Am Themenabend wurden Grabungsgeräte und Metalldetektoren vorgestellt und erklärt. Auch die rechtliche Seite des "Sondelns" wurde behandelt. Ein ehemaliger Sondengänger erzählte über seine Erlebnisse. Ergänzt wurde das Thema Metallsonden durch einige Kurzfilme. Das Fazit des Abends lautete: ",Jeder Bundesbürger sollte die Möglichkeit haben, in Museen die gefundenen Schätze der Sondengänger zu bestaunen". Die größten archäologischen Funde der letzten 20 Jahre wurden in den sogenannten Raubgräbern gefunden.

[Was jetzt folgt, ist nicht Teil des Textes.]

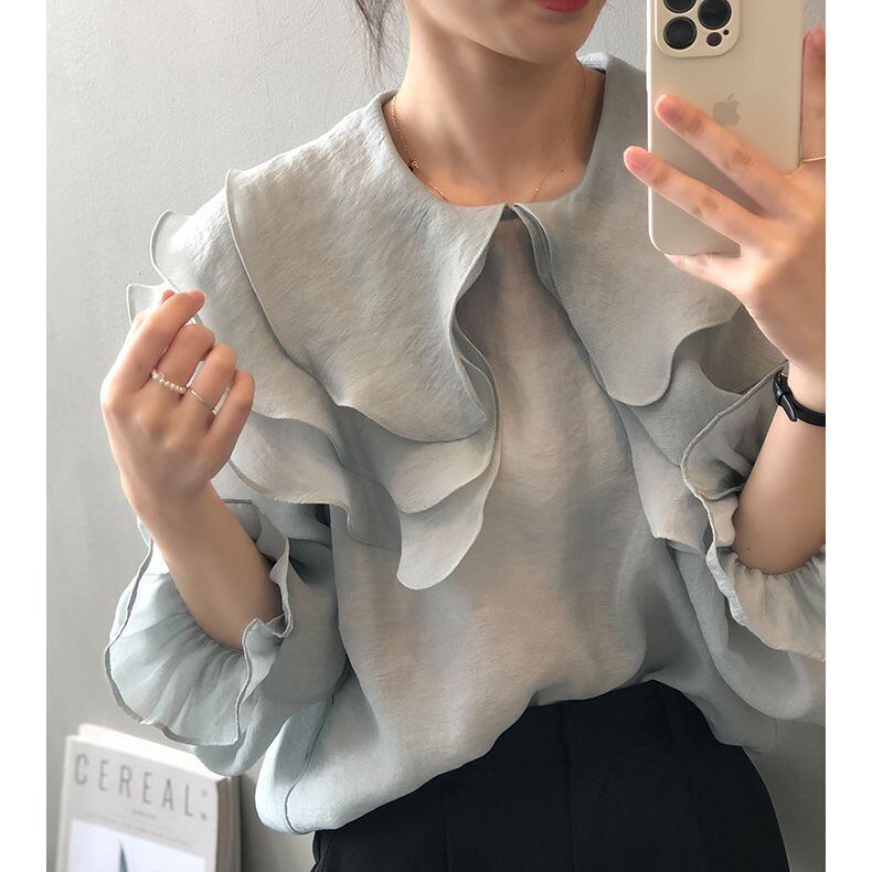 トップス レディース シフォンブラウス プルオーバー 長袖 フリルカラー 襟付き ラッフルカラー キャンディスリーブ ふんわり 透け感 大人可愛い きれいめ 大人 上品 おしゃれ お洒落 ガーリー キュート ラブリー 清楚 エレガント フェミニン 大人女子 存在感 抜け感 こなれ感 M L 白 アイボリー 水色 ブルー 無地 春 秋 10代 20代 30代 40代 50代 オフィス OL 通勤 学生 通学 女子会 お出かけ デート リゾート 休日 旅行 普段使い デイリー 韓国 オルチャン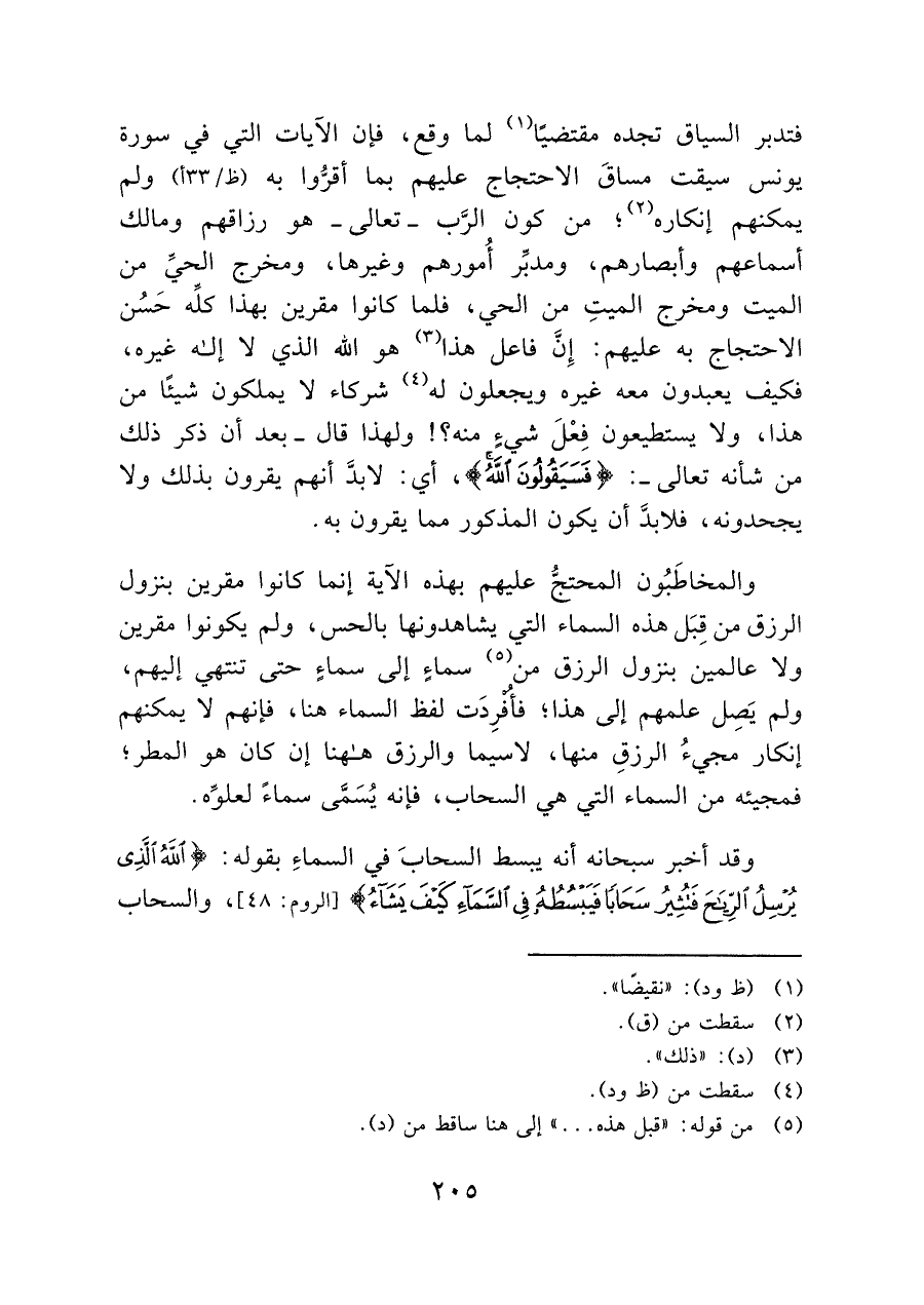 فتدبر السياق تجده مقتضيًا (¬١) لما وقع، فإن الآيات التي في سورة يونس سيقت مساقَ الاحتجاج عليهم بما أقرُّوا به (ظ/١٣٣ أ) ولم يمكنهم إنكار (¬٢)؛ من كون الرَّب -تعالى- هو رازقهم ومالك أسماعهم وأبصارهم، ومدبِّر أُمورهم وغيرها، ومخرج الحيِّ من الميت ومخرج الميتِ من الحي، فلما كانوا مقرين بهذا كلِّه حَسُن الاحتجاج به عليهم: إِنَّ فاعل هذا (¬٣) هو الله الذي لا إله غيره، فكيف يعبدون معه غيره ويجعلون له (¬٤) شركاء لا يملكون شيئًا من هذا، ولا يستطيعون فِعْلَ شيءٍ منه؟! ولهذا قال -بعد أن ذكر ذلك من شأنه تعالى-: {فَسَيَقُولُونَ اللَّهُ}، أي: لابدَّ أنهم يقرون بذلك ولا يجحدونه، فلابدَّ أن يكون المذكور مما يقرون به.

Die Sonnenscheibe von Nebra, den Sachsenschatz, den Barbarenschatz sowie das Schlachtfeld am Harzhorn haben Sondengänger gefunden und gemeldet. In Schmallenbach kam durch den Sturm Wibke ein Silberschatz ans Tageslicht und wurde von einem neunjährigen Jungen entdeckt. Nach der Fundmeldung des Vaters wurde der Junge als Sondengänger beschuldigt.

Am Samstag, den 10.02.2018 fährt die Projekte-Gruppe zur Besichtigung der Gedenkstätte nach Hadamar, in welcher 15.000 Menschen im Rahmen der NS-Euthanasie-Verbrechen ermordet wurden. Die Abfahrt erfolgt um 08:30 Uhr mit PKWs in Fahrgemeinschaft, Treffpunkt ist der Kirmesplatz in Elkenroth an der Hachenburger Straße. Die Teilnehmerzahl ist begrenzt auf 15 Personen. Anmeldung und Auskunft bei Kümmerer Berthold Hammer unter Telefon 02747 1071 oder E-Mail: berthold.hammer@hotmail.de .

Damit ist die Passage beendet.